Войдя в камеру, Евгений в изнеможении повалился на пол. Сознание не принимало того факта, что на допросе с ним обошлись так милосердно. Ни окрика, ни удара. Учинили весьма странный экзамен по истории и даже пожелали на прощание спокойной ночи. Странно!.. Конечно, эсэсовец врет – Мишка ничего не сказал. Иначе они назвали бы Шмуглевского и Климовича. Несомненно только, что они мучили Мишку, немец сам проговорился.
Через час его снова вызвали на допрос.
– Прошу прощения, – радушно улыбаясь, сказал Динг. – Мне думается, что вам лучше ночевать дома. Дадите подписку о невыезде – и все. Пустая формальность. Так мы ждем.
– Что?
– Подтвердить показания брата.
– Я их не знаю.
– Фамилии тех остальных?
– Мы были вдвоем.
– Вчетвером! – Динг устало зевнул.
– Мы были вдвоем.
Динг что-то сказал переводчице. Она взяла со стола бумагу и стала читать:
– «По заранее оговоренному плану мы все четверо собрались у нас на квартире. Матери не было дома, она ушла к сестре в деревню и не успела вернуться к комендантскому часу. Мы знали, что бургомистр Трублин, писарь Чепрак и начальник полиции Скварчевский пройдут после работы, как обычно, мимо нашего дома. В полночь, примерно в начале первого, мы услышали голоса и вынесли пулемет на балкон. Вместе со мной были мой брат Евгений и…»
– Довольно! – прервал переводчицу Динг. – Это показания вашего брата. Так кто еще был с вами?
– Я уже сказал.
– А если я прикажу читать дальше?
– Читайте.
– Но тогда вас ждет смерть!
Евгений не ответил.
– Ну?
Молчание.
– Читать?
Евгений кивнул головой. Теперь он уже твердо был уверен, что фашисты ничего не знают.

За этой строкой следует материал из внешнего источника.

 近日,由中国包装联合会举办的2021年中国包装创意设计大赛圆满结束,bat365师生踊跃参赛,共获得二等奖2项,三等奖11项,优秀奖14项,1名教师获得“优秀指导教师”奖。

– Та-ак!.. – зловеще протянул Динг. – Ну что ж! – Он махнул девушке – переводить не надо – и повернулся к Зеербургу, которому давно надоела эта игра в джентльменство, и который в нетерпенье крутился на стуле. – Вы были правы, господин майор, когда утверждали, что в этой стране можно разговаривать только на языке плетки.
И первый раз за сегодняшний день Евгений улыбнулся. Он улыбнулся Мишке, который выдержал. «Ничего, гады, от меня вы тоже ни черта не добьетесь!»

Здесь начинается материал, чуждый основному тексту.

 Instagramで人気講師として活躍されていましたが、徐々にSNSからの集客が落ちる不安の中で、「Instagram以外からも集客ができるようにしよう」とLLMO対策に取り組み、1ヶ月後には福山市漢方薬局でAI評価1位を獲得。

Динг, не спускавший с него глаз, словно хотел прочитать его мысли, шагнул ближе.
– Кто еще был с вами?.. Кто?.. – Эсэсовец уже кричал.
Кричала и переводчица, стараясь передать не только содержание, но и интонацию вопроса. Динг был до бессмысленного педант. Если он говорил тихо, вкрадчиво, точно так же должна была говорить и переводчица. Но когда накрашенная немка, подражая своему шефу, форсировала голос, из ее гортани летел не устрашающий крик, а противный визг. Это раздражало самого Динга, он понижал голос, и переводчица начинала говорить нормально.
– Приведите другого, – приказал Динг полицейскому, равнодушно наблюдавшему эту сцену.
Тот вышел и вскоре вернулся, таща под руку Михаила, который едва передвигал ноги.
Евгений глянул на брата и вздрогнул. Правая часть лица Михаила забагровела и вздулась от кровоподтеков, стала неестественно огромной, бровь рассечена, и вместо глаза – узенькая щелка. Рубашка разодрана до пояса, и на груди тоже видны следы побоев. Увидев брата, Михаил хотел, видимо, что-то сказать, открыл было рот, но следивший за ним полицейский так рванул его за руку, что Михаил покачнулся и сильно ударился затылком о стену.
– Кто из вас стрелял по руководителям управы? – снова начал допрос штурмбаннфюрер. – Ты говори! – Он ткнул рукой в Евгения.
– Я уже говорил. Мы…
– Кто нажимал на гашетку?
– Я. Брат был рядом.
Динг приблизился к Михаилу.
– Он правду сказал?
Михаил откачнулся от стены, провел рукой по запекшимся губам и отрицательно покачал головой.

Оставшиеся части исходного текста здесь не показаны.